◆ MATERIAL FOR THIS EXERCISE
______
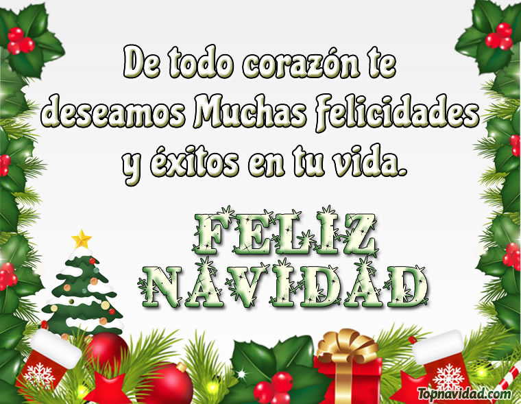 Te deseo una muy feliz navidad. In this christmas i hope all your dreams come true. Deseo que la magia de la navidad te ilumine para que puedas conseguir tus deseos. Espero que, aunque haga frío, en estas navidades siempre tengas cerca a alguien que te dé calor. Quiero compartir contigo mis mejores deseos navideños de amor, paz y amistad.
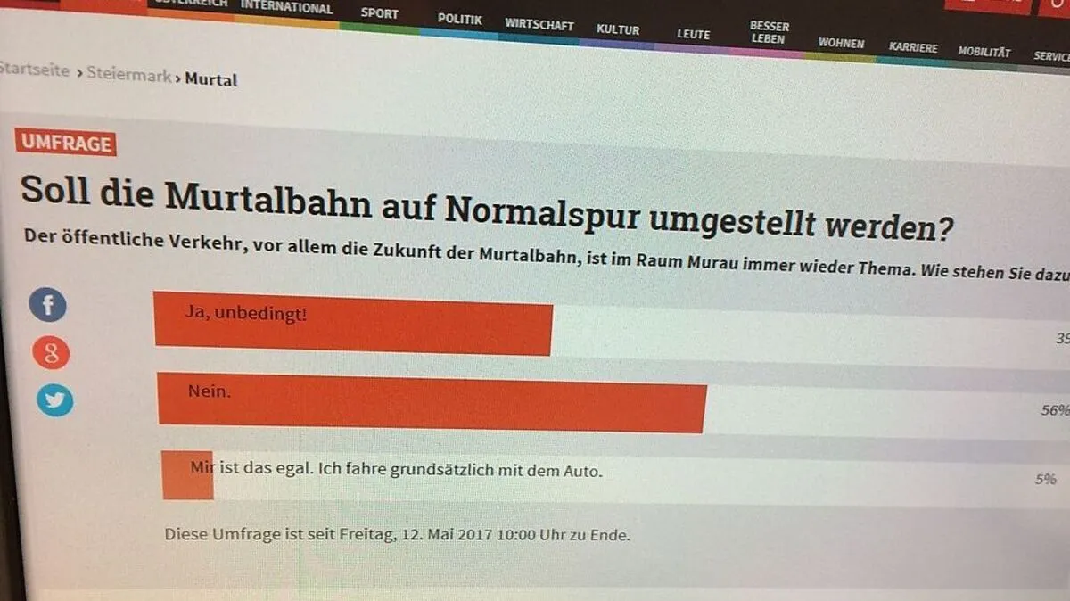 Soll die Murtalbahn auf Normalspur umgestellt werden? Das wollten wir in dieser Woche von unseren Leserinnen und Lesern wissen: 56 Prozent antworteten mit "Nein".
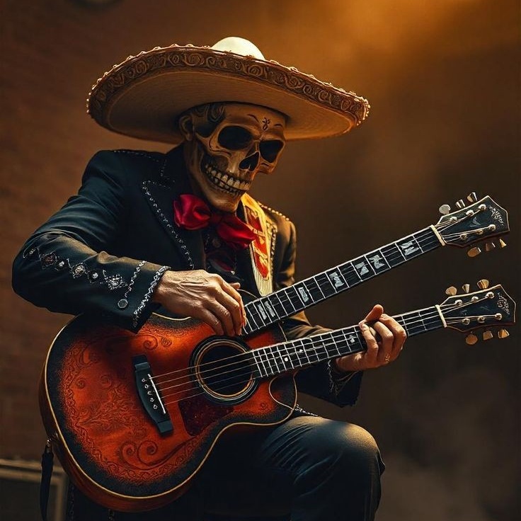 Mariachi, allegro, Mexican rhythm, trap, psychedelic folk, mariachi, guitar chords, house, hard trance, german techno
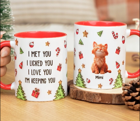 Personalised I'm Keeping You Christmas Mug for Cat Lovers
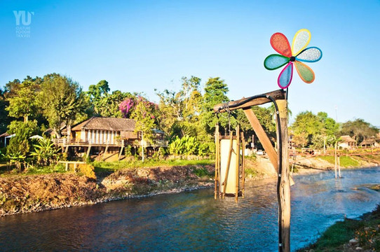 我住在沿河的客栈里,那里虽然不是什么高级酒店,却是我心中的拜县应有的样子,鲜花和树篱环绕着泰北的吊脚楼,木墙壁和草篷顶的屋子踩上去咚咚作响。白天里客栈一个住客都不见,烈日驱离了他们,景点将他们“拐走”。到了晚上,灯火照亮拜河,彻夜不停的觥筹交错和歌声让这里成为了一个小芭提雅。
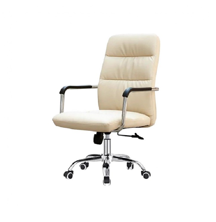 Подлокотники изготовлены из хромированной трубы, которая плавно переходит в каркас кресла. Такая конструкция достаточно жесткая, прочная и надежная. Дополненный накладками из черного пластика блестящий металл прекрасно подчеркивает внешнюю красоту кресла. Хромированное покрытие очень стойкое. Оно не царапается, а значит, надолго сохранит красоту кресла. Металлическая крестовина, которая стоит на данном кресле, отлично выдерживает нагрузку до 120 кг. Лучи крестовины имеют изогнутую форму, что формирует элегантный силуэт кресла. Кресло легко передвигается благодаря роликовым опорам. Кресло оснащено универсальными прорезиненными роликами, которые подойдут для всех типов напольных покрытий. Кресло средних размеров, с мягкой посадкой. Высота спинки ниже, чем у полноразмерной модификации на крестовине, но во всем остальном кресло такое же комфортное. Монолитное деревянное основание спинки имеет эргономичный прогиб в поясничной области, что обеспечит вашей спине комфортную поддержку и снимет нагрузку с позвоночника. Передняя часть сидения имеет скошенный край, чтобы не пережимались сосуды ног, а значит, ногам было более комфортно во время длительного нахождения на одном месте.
______
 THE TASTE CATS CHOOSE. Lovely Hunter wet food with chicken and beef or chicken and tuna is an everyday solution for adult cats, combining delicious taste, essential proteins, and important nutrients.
______
◆ EXERCISE
Without the pictures, give again exactly the lines above starting at the line containing "Personalised I'm Keeping" and ending at the line containing "我住在沿河的客栈里,那里虽然".

◆ WRITTEN REPLY
 Personalised I'm Keeping You Christmas Mug for Cat Lovers
 我住在沿河的客栈里,那里虽然不是什么高级酒店,却是我心中的拜县应有的样子,鲜花和树篱环绕着泰北的吊脚楼,木墙壁和草篷顶的屋子踩上去咚咚作响。白天里客栈一个住客都不见,烈日驱离了他们,景点将他们“拐走”。到了晚上,灯火照亮拜河,彻夜不停的觥筹交错和歌声让这里成为了一个小芭提雅。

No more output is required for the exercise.